> Exercise instructions
Return the lines of the data below starting at the one holding "Stilvoll verpacktes, hochwertiges" and ending at the one holding "Luxembourg city grund", word for word, leaving every picture out.

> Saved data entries

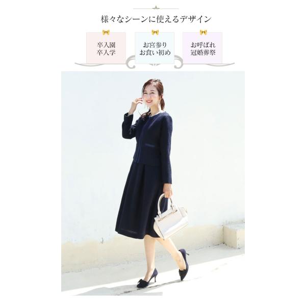 ジャケット&ワンピースのセットでの着用ではもちろん、それぞれのアイテムでも使え、卒入園・卒入学などのイベントや、お宮参り、お食い初め、オフィスにと様々なシーンでお使いいただけます。
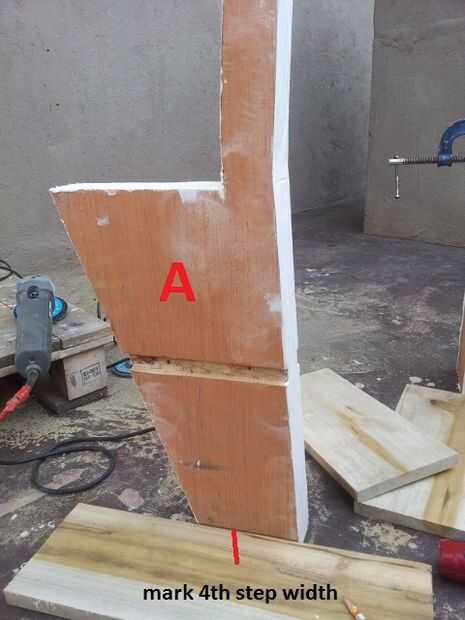 Coloque el 4to paso junto a la sección A y marcar el espesor de la madera. Cortar.
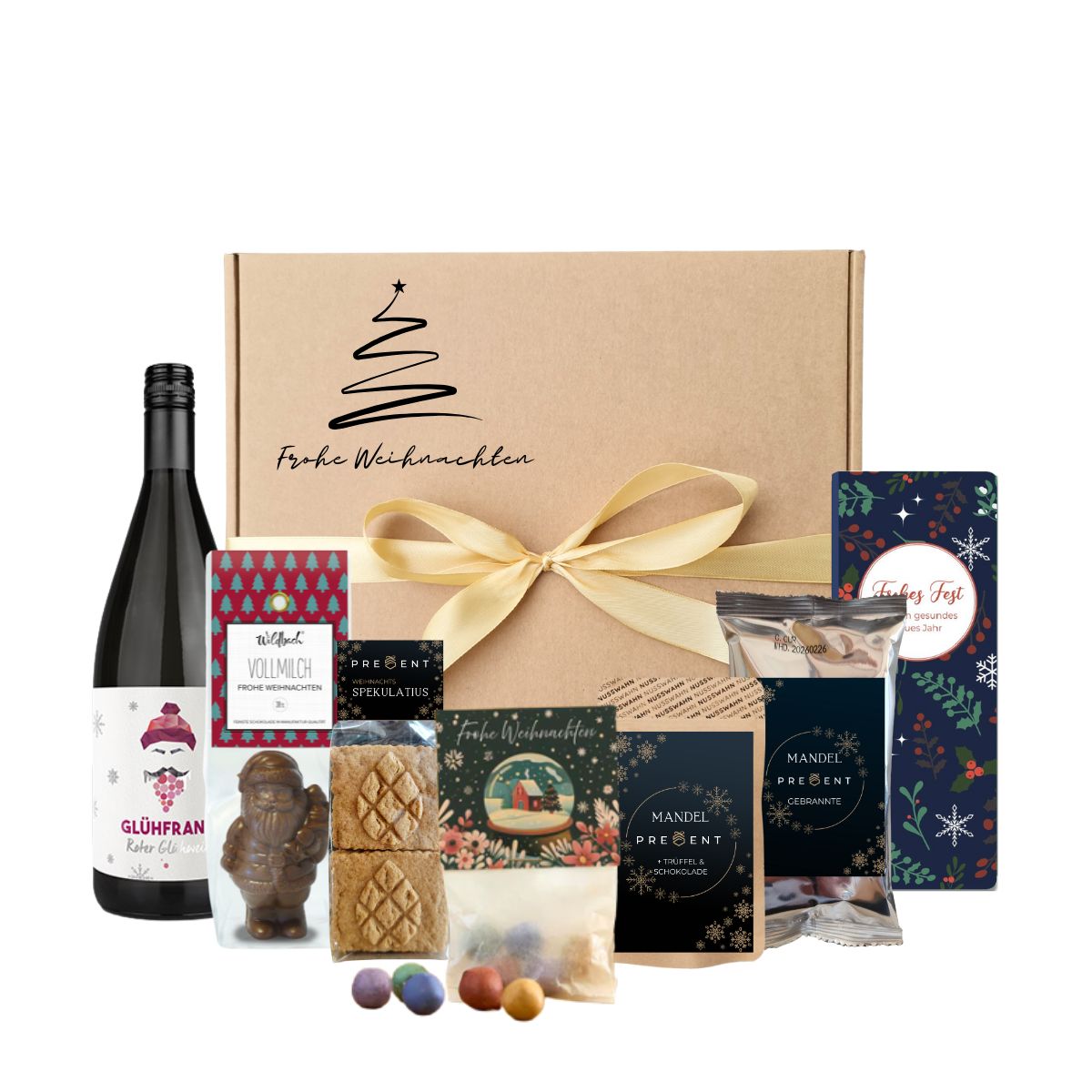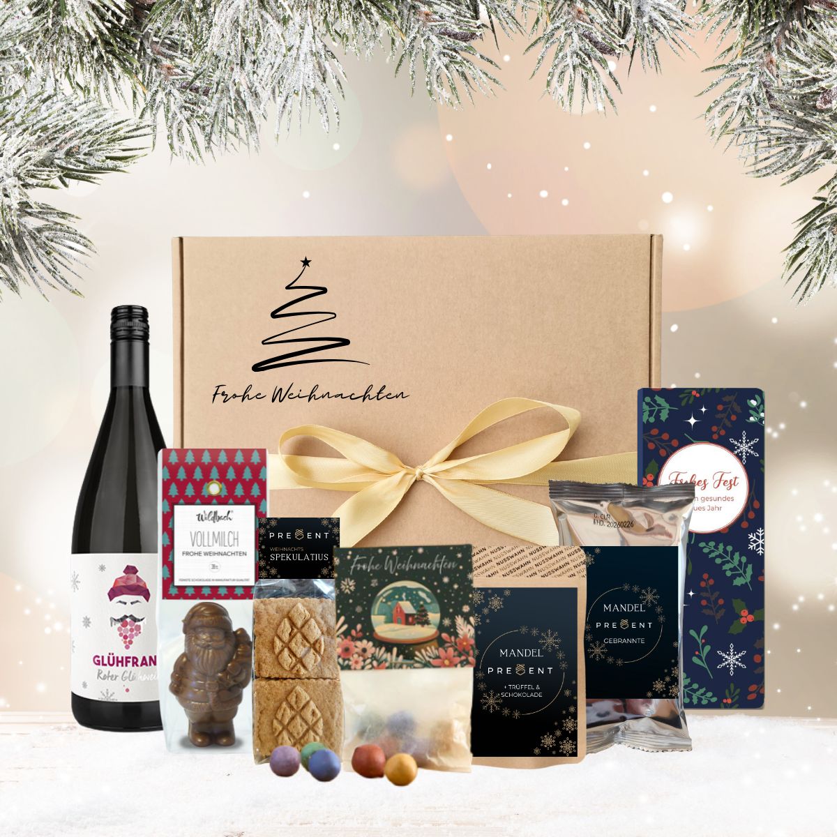 Stilvoll verpacktes, hochwertiges Weihnachtsgeschenkset mit ausgewählten Feinkostprodukten.
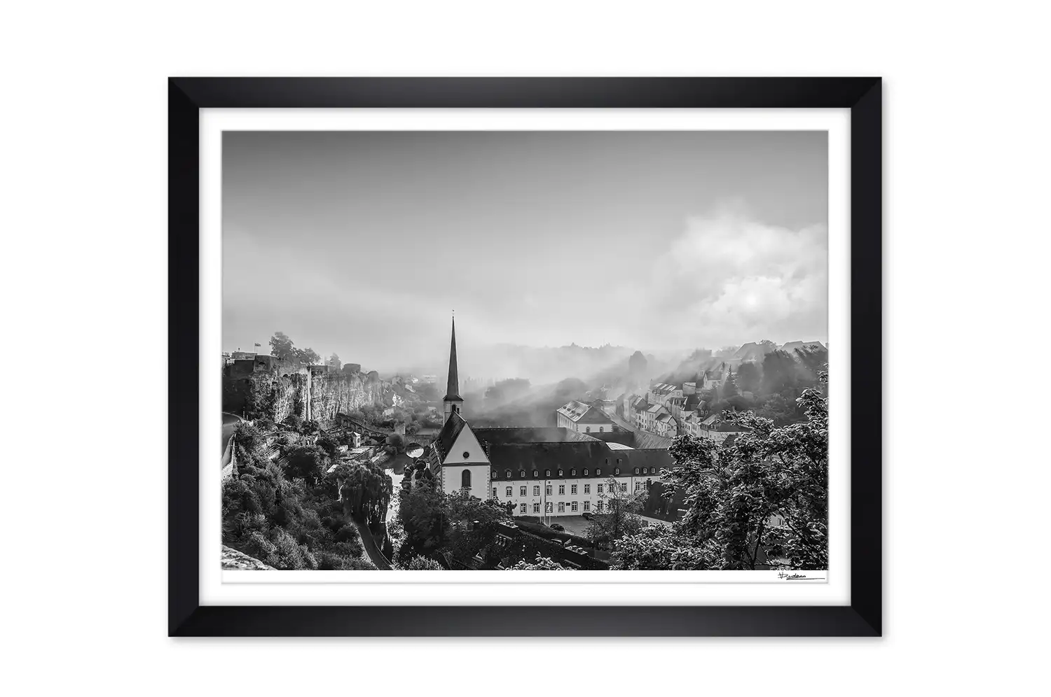 Luxembourg city grund during foggy summer morning print black and white
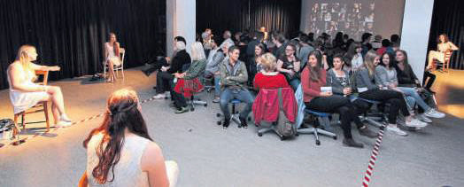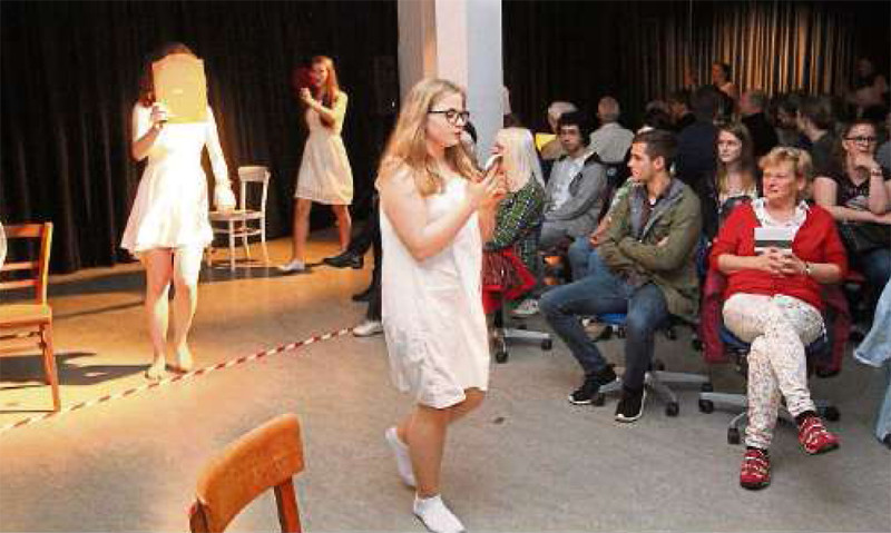 Das menschliche Dasein in verschiedenen Facetten beleuchtete die Theater AG der Theo-Koch-Schule (TKS) unter dem Titel „eigentlich“. Dabei wurde auch das Publikum in die Handlung mit einbezogen und nahm auf Drehstühlen in der Mitte des Raumes Platz. Der Sinn wurde im Laufe des Stückes verständlich, als sich die Zuschauer auf bestimmte prekäre Fragen in einem Quiz, bei dem ehrliche Antworten gesucht wurden, positionieren und auf ihren Drehstühlen auf die jeweilige Seite von Ja und Nein hinrollen mussten. Das Team mit Viola Becker, Mara Geist, Anna Coers, Ria Rampal, Julia Röper, Alena Neudert, Jonas Jochim, Therese Keil und Lucia Fischer-Wasels vermochte es mit leichter Hand, Denkanstöße zu vermitteln und den Theaterabend zu einem Erfolg werden zu lassen. (hgs)/Foto: Schuette

> Response below
 Stilvoll verpacktes, hochwertiges Weihnachtsgeschenkset mit ausgewählten Feinkostprodukten.
 Luxembourg city grund during foggy summer morning print black and white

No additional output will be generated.